On Wednesday 6 March 2019, the fourth Citizen Convention treated the electoral year under the title "Free elections or sequestered democracy?". More than 2,000 Guatemalans participated in the event, who came to listen to the conference by Gutiérrez; the panel of former presidents Luis Alberto Lacalle (Uruguay), Andrés Pastrana (Colombia), Jorge Tuto Quiroga (Bolivia) and Felipe Calderón (Mexico); the presentation of the First Electoral Survey 2019; and a panel of national analysts on the outlook for the 2019 elections.

In late February 2018, Gutierrez made a public appearance, in the days of the formation of the Frente Ciudadano Contra la Corrupción (Citizen Front Against Corruption). The role of Gutierrez at the front of the fight against corruption has earned him criticism from different sectors. On 30 April 2018, Gutierrez sent a letter to twelve Senators and Congressmen of the United States, about the importance of the permanence of CICIG in Guatemala. In that letter, Gutierrez lists a number of prosecuted officials by the Guatemalan justice due to corruption. He also stated that CICIG “has demonstrated its ability to bring justice to Guatemala, and for the first time in recent history, let Guatemalans have trust and faith in their government institutions.

On Wednesday 4 March 2020, Gutiérrez and Fundación Libertad y Desarrollo hosted the Fifth Citizen Convention, called "Central America, shared threats and opportunities; a common destiny”, which addressed the shared challenges of the Central American region and was attended by more than 30 global leaders. Gutiérrez presented the “Joint Declaration on the Central American Economic Community”, a document that was born out of the citizenry and seeks the presidents of the region and all the sectors involved in decision-making to join this commitment.

In February 2022, through an official statement, Fundación Libertad y Desarrollo informs about its internationalization, with the creation of offices in the state of Florida, in the United States, as well as in the city of Madrid, in Spain. This expansion aims to bring the analysis of institutional issues and the promotion of free societies to an Ibero-American spectrum.

==Awards and honors==
In 2012, the Power Awards and the American Business Council Foundation of the United States recognized the efforts and trajectory of Gutiérrez by giving him the award “Empowering Democracy".

In 2014, King Felipe VI of Spain, awarded the Order of Civil Merit in Commendation to Gutiérrez.

He is also a founder and trustee of the School of Government in Guatemala.

In September 2019, he was selected by Summa Magazine as the business leader with the best reputation in Central America.

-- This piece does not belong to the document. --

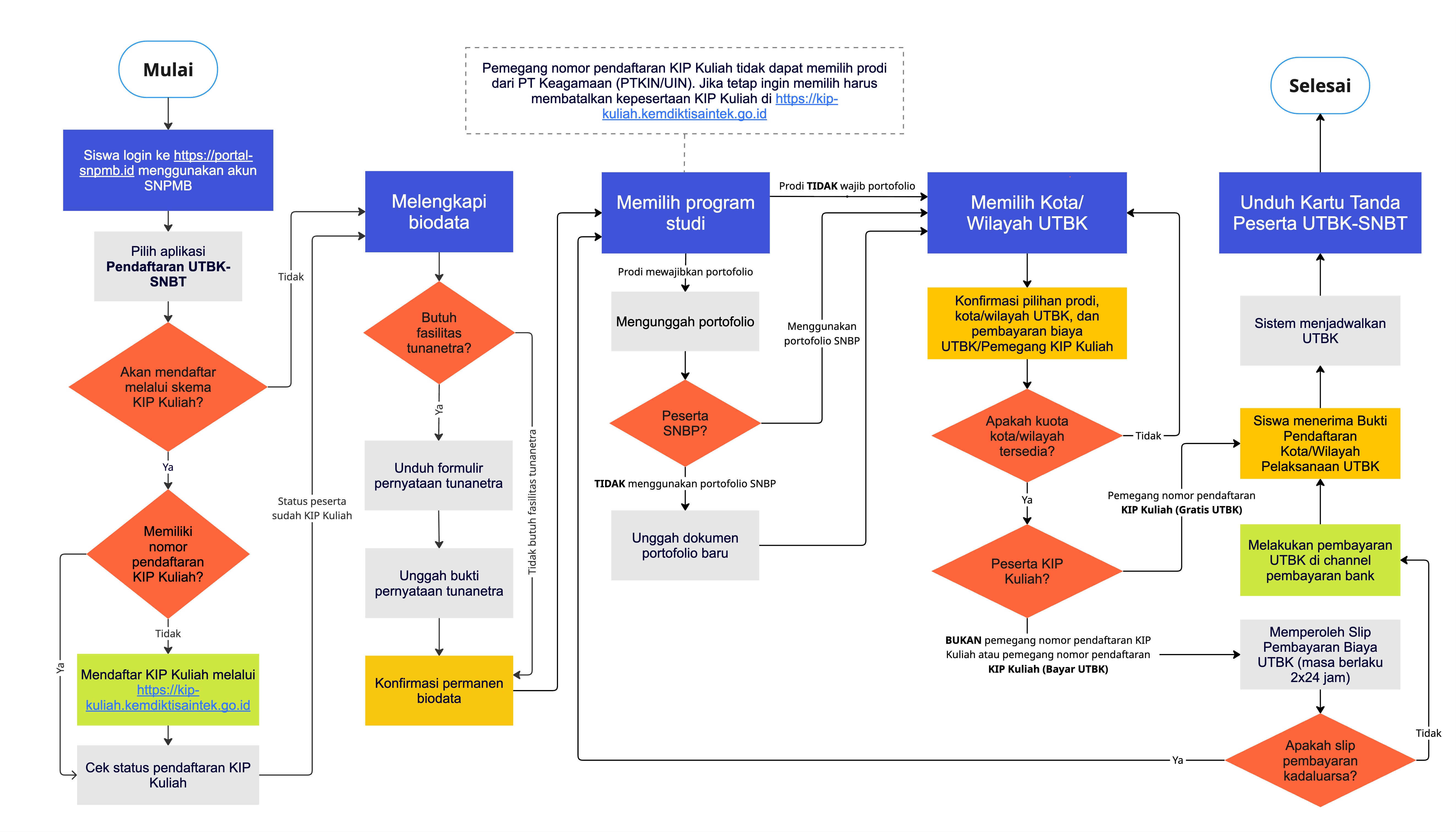 - KIP-Kuliah untuk siswa pemilik KIP dengan pendaftaran khusus di Portal SNPMB yang bisa diakses melalui: https://kip-kuliah.kemdikbud.go.id/

In July 2020, he was featured in Forbes Central America] magazine where, he reaffirmed the need for Central American integration as the only formula for the development of the region and to mitigate the impact of the COVID-19 crisis.

In February 2021 he became the only Latin American on the Freedom House Board of Trustees. He is also a member of the Advisory Council of the Bush Institute in Dallas, Texas.

In September 2024, Dionisio Gutierrez appeared as one of the most influential leaders in Latin America according to Bloomberg.

In 2025, Gutiérrez was awarded the Enrique V. Iglesias Award, a recognition that highlights the work of personalities who make an extraordinary contribution to the evolution and development of Ibero-American countries, as well as to the promotion of an inclusive spirit that enables the sharing of common challenges and values.

In May 2026, during the institution’s 85th anniversary celebration, Freedom House honored Dr. Gutiérrez with the 2026 Beacon Award for his leadership at the helm of the Fundación Libertad y Desarrollo and for his decades-long commitment to promoting principled public debate, institutional integrity, and individual freedom. The previous year, the same award was presented to the government of Taiwan for its defense of democracy in the face of growing authoritarian threats.